Right now I have too much to do between work and revisjons, so I cant prioritise this (I imagine it's quite some work), but I'll get started as soon as I get the time.

I guess this can stay open until all of pycox can be use with pytroch-lightning

@rohanshad If you wan't to take a crack at CoxPH in pytorch-lighting, I've now made a refactored version of CoxPH in https://github.com/havakv/pycox/blob/refactor_out_torchtuples/pycox/models/coxph.py that should be straight forward to use. There's missing some docs and tests, but I'll add that later.

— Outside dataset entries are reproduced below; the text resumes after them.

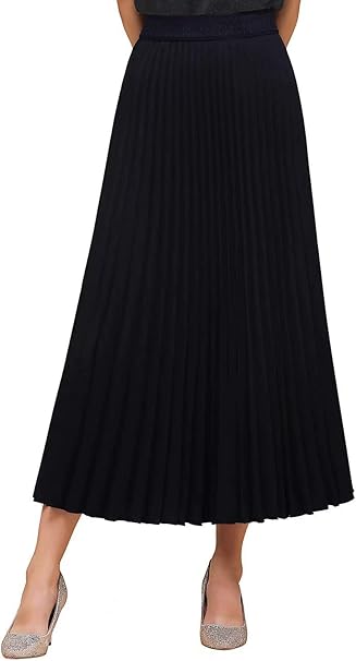 Tomwell Damen Rock Falten Rock Hohe Elastische Taille A Line Lang Rocke Plissee Rock Knielang Midi Rock Frauen Plisseerock D Langer Rock Rocke Knielang Plissee
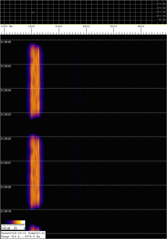 With Spectrum Lab, I recorded a few transmissions whilst switching between even and odd, to time the length of transmissions during even and odd cycles, which compares to subsequent TX/RX cycles. The waterfall graph with second markers shows the transmission duration to be a bit over 3 seconds and gaps are approximately 600 ms.
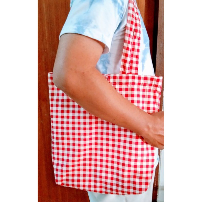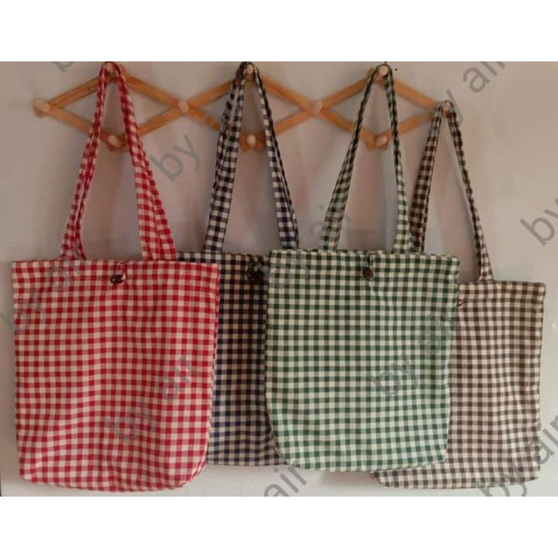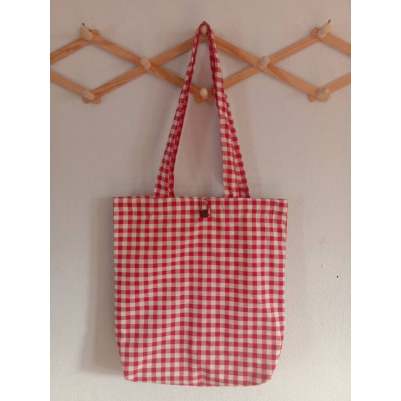 กระเป๋าผ้าลายสก๊อต มีซับใน ,มีช่องด้านใน, สะพายข้างได้ 🌼
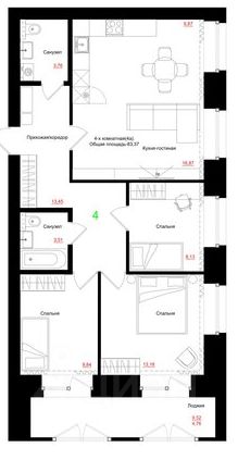 Продаётся 4-комнатная квартира в сданном доме (Дом 2, 3 этап), срок сдачи: IV-кв. 2024, общей площадью 93.19 кв.м., на 6 этаже. Расположение, транспортная доступность
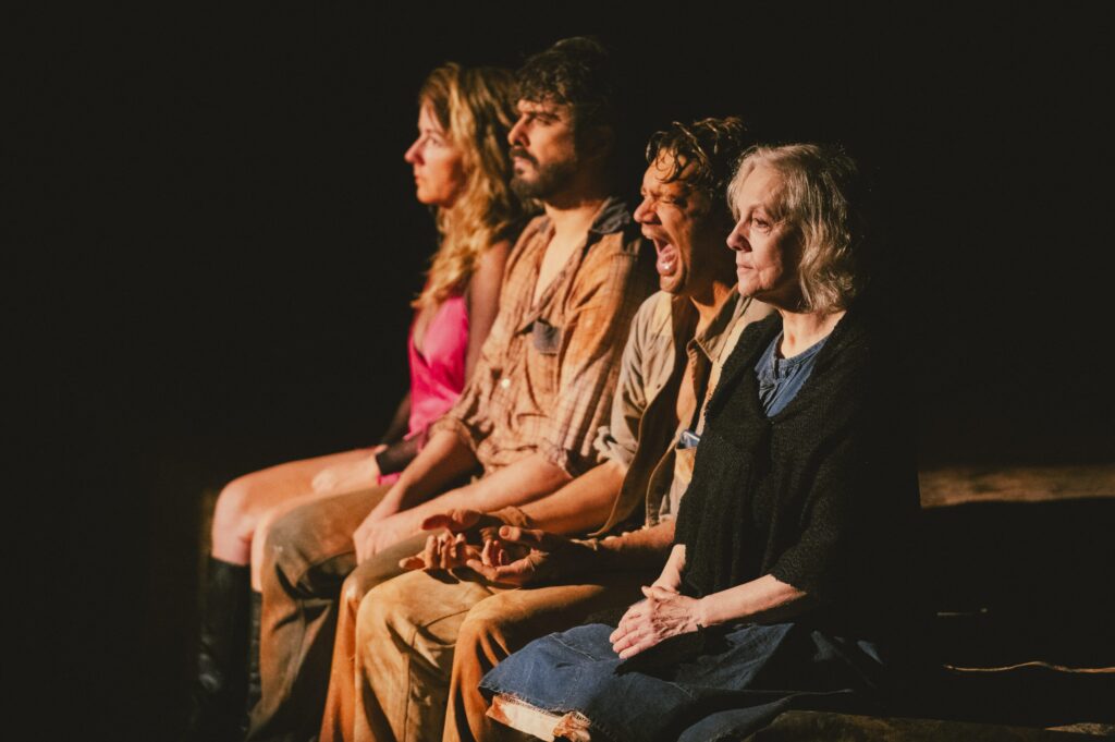 A encenação de Rodrigo Portella aposta em poucos elementos cênicos, com o palco coberto por lama e água, criando uma atmosfera instável que exige entrega física total dos atores e reflete as tensões emocionais dos personagens. “Todo redemoinho que devasta a vida dos que fogem das normas surge no núcleo de suas próprias famílias”, comenta o diretor.
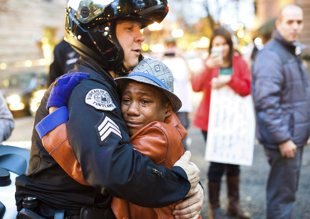 The boy, holding a “Free Hugs” sign, stood crying. A Portland officer saw his sign and asked if he could have a hug, and an emotional Hart embraced him in a picture that was widely shared.
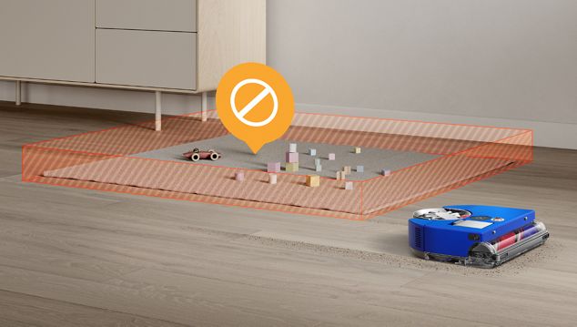 En plus d’éviter les obstacles, l’aspirateur robot Dyson détecte automatiquement les bords et adapte son aspiration pour capturer la poussière jusque dans les recoins.
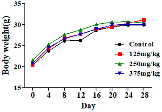 Effect of DEHP exposure on the body weight of mice (n = 10). The result showed that the body weight of mice in the control group and DEHP-exposed groups exhibited no significant changes. Data represented as means.
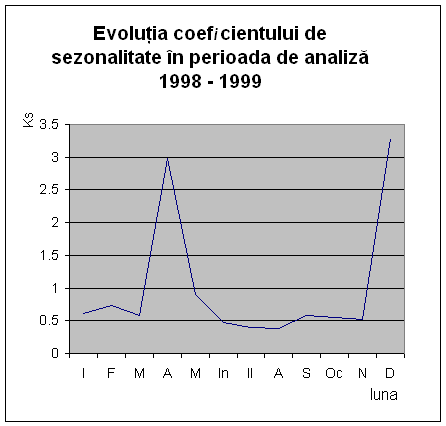 Din datele furnizate de tab. nr.2 " situatia vânzarilor lunare din produsul K ", din calculul ulterior al coeficientului de sezonalitate si reprezentarea lui grafica, din reprezentarea în coordonate polare a CA medii lunare în perioada de analiza a fost identificat produsul K ca fiind produsul de panificatie cu denumirea " cozonac ". Acesta concluzie fiind datorata gradului accentuat de sezonalitate a acestuia în lunile aprilie si decembrie - perioade de sarbatori religioase în care consumul acestui produs reprezinta o traditie în România.
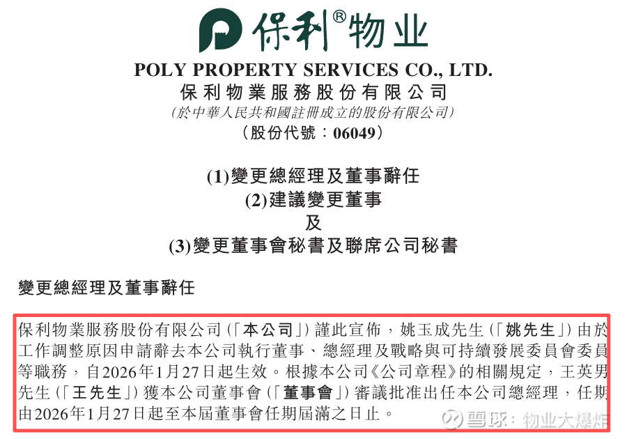 1月27日,保利物业公告:
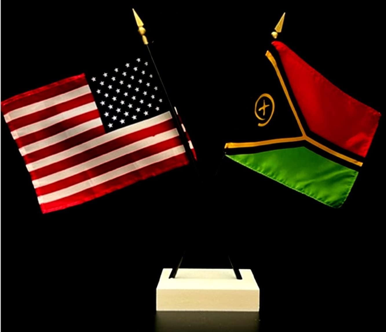 Vanuatu Desk Flag Set Contains One USA and One Country Flag with a
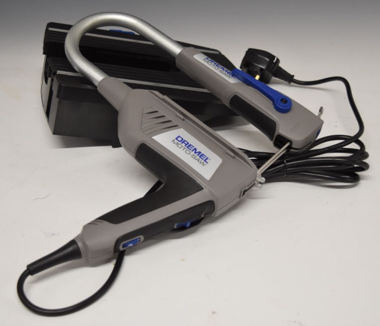 Hychika LS-190C circular saw, Tilswall 5313 belt sander, Silverline 150W bench grinder and Dremel MS20 Moto-Saw
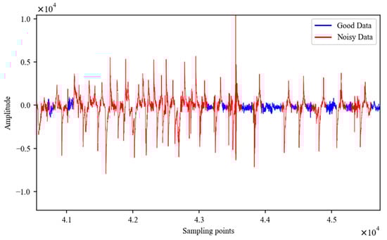 To verify the effectiveness of the proposed method in actual magnetotelluric data processing, we applied the proposed method to the time-series with strong interference collected in the ore-concentration areas of Lujiang–Zongyang. Figure 9 shows the recognition results of the Ex component of the real site BL14173A. It can be seen that the dataset was polluted by very strong and persistent cultural noise. In addition, a few spikes were marked in blue, which are noisy segments not accurately identified by the model. Since there are few instances of unrecognized noise and they are small in amplitude, the noise has little impact on the results. Figure 10 presents a partial segment of the results shown in Figure 9. Obviously, all large-amplitude cultural noises have been accurately identified. Compared with the results of manual marking, it was found that the recognition accuracy was as high as 95.66%.

By using compute_cumulative_baseline_hazards and output2surv, I think it shouldn't be too much work. Let me know if you run into any issues!

@havakv Thank you for the refactorings of CoxPH and LogisticHazard. Do you have any plans to refactor PC-Hazard? Or should I be able to use them like the other two?

I am currently doing this. Yet, compared with the LogisticHazard and CoxPH, I am not getting great performance.

import pytorch_lightning as pl
import pandas as pd
import torch
import torch.nn.functional as F

from pycox.models.loss import nll_pc_hazard_loss
from pycox.evaluation import EvalSurv
from pycox.models.utils import pad_col, make_subgrid

class DummyModel(pl.LightningModule):
    def __init__(self,  duration_index=None):


        self.net = SomeModel
        self.loss_func = nll_pc_hazard_loss
        self.duration_index = duration_index

    def forward(self, x):
        return self.net.forward(x)

    def common_step(self, batch, batch_idx, stage):
        x, duration, event, interval = batch
        preds = self(x)
        loss = self.loss_func(preds, duration, event, interval)

        if stage == "train":
            return {"loss": loss}
            return {"loss": loss, "preds": preds, "event": event, "duration": duration}

    def training_step(self, batch, batch_idx):
        return self.common_step(batch, batch_idx, 'train')

    def training_epoch_end(self, outs):
        self.logger.experiment.add_scalar("loss/train", torch.mean(torch.stack([x['loss'] for x in outs])), current_epoch)

    def validation_step(self, batch, batch_idx):
        return self.common_step(batch, batch_idx, 'val')

    def validation_epoch_end(self, outs):
          self.logger.experiment.add_scalar("loss/val", torch.mean(torch.stack([x['loss'] for x in outs])), current_epoch)

          predictions = torch.vstack([x['preds'] for x in outs])
          durations = torch.vstack([x['duration'] for x in outs])
          events = torch.vstack([x['event'] for x in outs])

          surv_df = self.predict_surv_df(predictions, sub=10, duration_index=self.duration_index)
          ev = EvalSurv(surv_df, durations.cpu().numpy().reshape(-1, ), events.cpu().numpy().reshape(-1, ))
          self.logger.experiment.add_scalar("val_auroc", ev.concordance_td(), current_epoch)

    def configure_optimizers(self):
        optimizer = torch.optim.Adam(self.parameters(), lr=SomeLearningRate)
        return optimizer

    def predict_surv_df(self, preds, sub, duration_index):
        n = preds.shape[0]
        hazard = F.softplus(preds).view(-1, 1).repeat(1, sub).view(n, -1).div(sub)
        hazard = pad_col(hazard, where='start')
        surv = hazard.cumsum(1).mul(-1).exp()
        surv = surv.cpu().numpy()

        index = None
        if duration_index is not None:
            index = make_subgrid(duration_index, sub)
        return pd.DataFrame(surv.transpose(), index)

The DataLoader is aligned with the PC-Hazard notebook. In this way, the duration_index corresponds to PCHazard.label_transform(num_durations).cuts

Hi @yorickvanzweeden. I should refactor PCHazard in the same way as for LogisticHazard (just struggling to find the time).

From what I can see, your code should work, so I don't really know why you're not getting the results you want. Have you tried comparing these results with

model = PCHazard(net, optimizer, duration_index=labtrans.cuts)

to check if it is just the PCHazard that doesn't perform well, or if there is something with you implementation?

Thanks @havakv for your reply. I suspect it is due to the difficulty of the problem in combination with hyperparameters that have yet to be optimized.